This finqa_flant5_finetuned Question Answering model has been fine-tuned on FLANT5 using finance data. This model provides powerful and efficient solution for accurately answering finance questions and delivering insightful information in the finance domain.

In [6]:

document_assembler = nlp.MultiDocumentAssembler()\
    .setInputCols("question", "context")\
    .setOutputCols("document_question", "document_context")

fin_qa = finance.QuestionAnswering.pretrained("finqa_flant5_finetuned","en","finance/models")\
    .setInputCols(["document_question", "document_context"])\
    .setCustomPrompt("question: {QUESTION} context: {CONTEXT}")\
    .setMaxNewTokens(100)\
    .setOutputCol("answer")

pipeline = nlp.Pipeline(stages=[document_assembler, fin_qa])

empty_data = spark.createDataFrame([["",""]]).toDF("question", "context")
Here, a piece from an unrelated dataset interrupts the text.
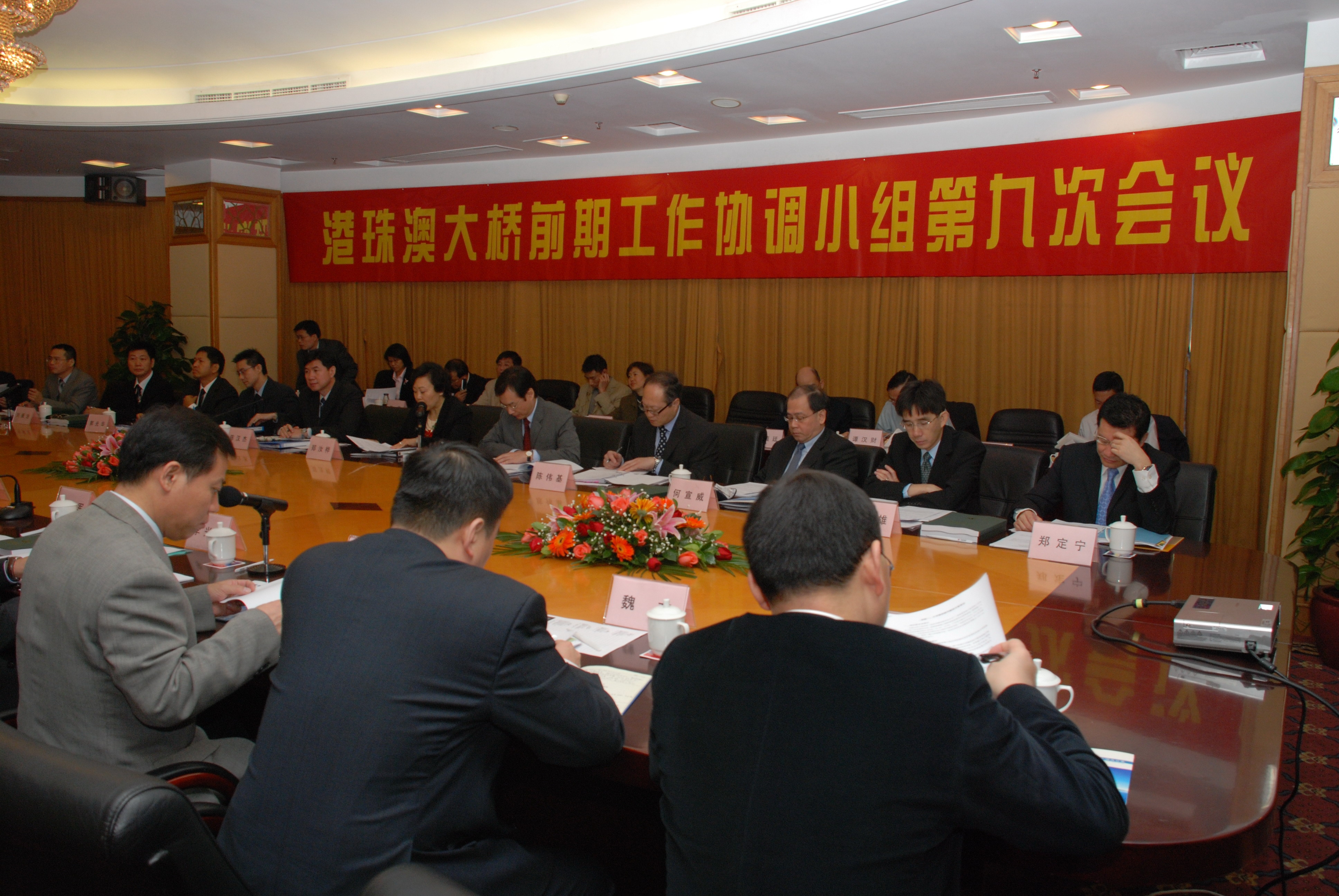 港珠澳大橋前期工作協調小組今日(二十七日)於廣州舉行第九次會議,會後粵、港、澳三方就大橋工程可行性研究報告的上報方式、大橋的初步設計招標及項目組織架構的模式達成共識。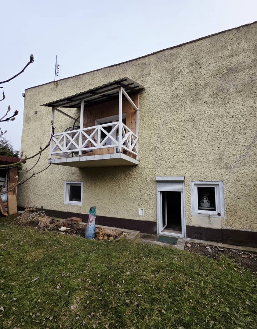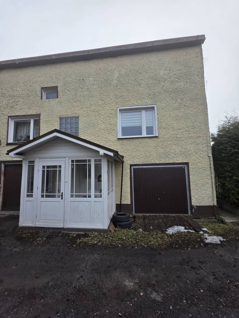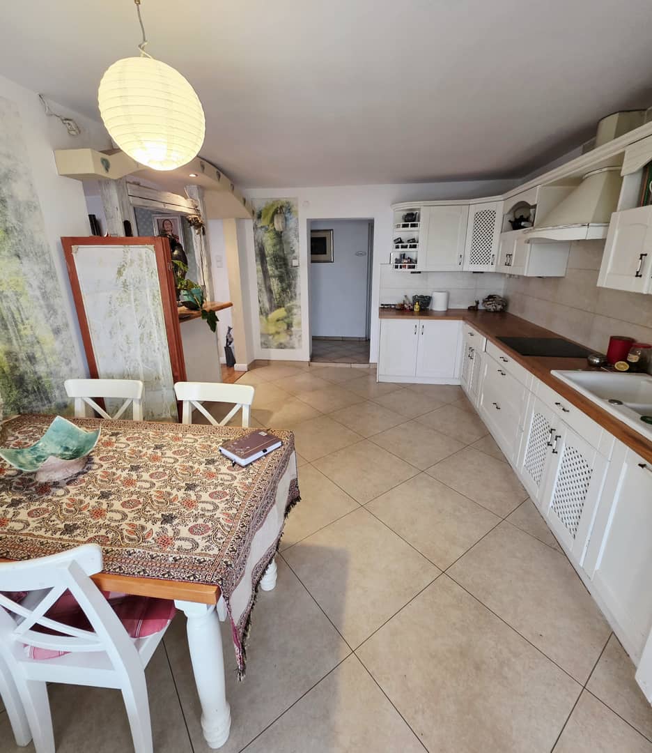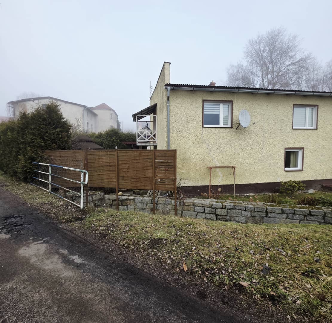 Połowa domu w podziale pionowym, położona na Pogórzu Kaczawskim w gminie Lwówek Sląski. Usytuowany na działce o powierzchni 2400 m2 do użytku z sąsiadem (każdy umownie korzysta z zagospodarowanej części) o powierzchni całkowitej 150 m2, na krórą składa się, w parterze garaż z kotłownią, spiżarnia, dwa pokoje, w tym jeden z wyjściem do prywatnego ogrodu z altanką, połączone schodami z pierwszym piętrem, jak również klatka schodowa od ganku budynku, jako wejscie główne. Na piętrze znajduje się korytarz, ładna widna kuchnia z balkonem, wyposażona i umeblowana, połączona z salonem, 2 sypialnie oraz łazienka. Mieszkanie po remoncie, wymienione wszystkie instalacje. Okna pcv, ściany gładzie, na podłogach panele, deski oraz płytki. Ogrzewanie piecem na paliwo stałe. Do zamieszkania bez dodatkowych nakładów finansowych. Teren w części zagospodarowany, własne miejsce parkingowe. Dodatkowo w cenie działka budowlana 900 m2, granicząca z terenem na którym stoi dom. Bardzo atrakcyjna i spokojna okolica, dużo terenów zielonych. Do Lwówka Śląskiego 7 km, do Płatnej Dolnej również 7 km. Atrakcyjna cena 429 000 zł do negocjacji, zapraszam na prezentację Nieruchomości dostępnej tylko w Naszym biurze Nieruchomości Rychlewski

model = pipeline.fit(empty_data)

finqa_flant5_finetuned download started this may take some time.
[OK!]

In [12]:

context = """Our business strategy has been to develop data processing and product technologies that can displace intermediaries within the online advertising ecosystem, while cultivating relationships that can provide access to media spend (advertisers) and media inventory (websites). In this regard, we have proprietary demand (media spend) and supply side (media inventory) technologies, targeting technologies, on-page or in-app ad-unit technologies, proprietary data and data management technologies, and advertising fraud detection technologies. We have both direct and indirect relationships at some of the largest media buyers and/or consolidators in the industry. For the ValidClick platform, the immediate strategy is to maintain the business at current levels by working with existing partners. For the IntentKey platform, the immediate strategy is to scale through the hiring of additional sales professionals, growing existing accounts and expanding the market size by launching a SaaS version of the IntentKey in 2021. We have both direct and indirect relationships at some of the largest media buyers and/or consolidators in the industry. For the ValidClick platform, the immediate strategy is to maintain the business at current levels by working with existing partners where the cash generated from the business can be used to accelerate growth of the IntentKey. For the IntentKey platform, the immediate strategy is to scale through the hiring of additional sales professionals, growing existing accounts and expanding the market size by concurrently selling the SaaS version of the IntentKey beginning in 2021. Our business strategy is focused on providing differentiation through the AI analytics and data products we own and protect through patents. For the marketing and advertising industries we serve, this strategy aligns with the components of the value chain that are the principal drivers of value to our clients. As part of our growth strategy, we evaluate acquisition candidates from time to time as opportunities arise with a focus on companies that have either advertisers or advertising relationships we do not possess or publishers or publishing partners who have content we do not possess."""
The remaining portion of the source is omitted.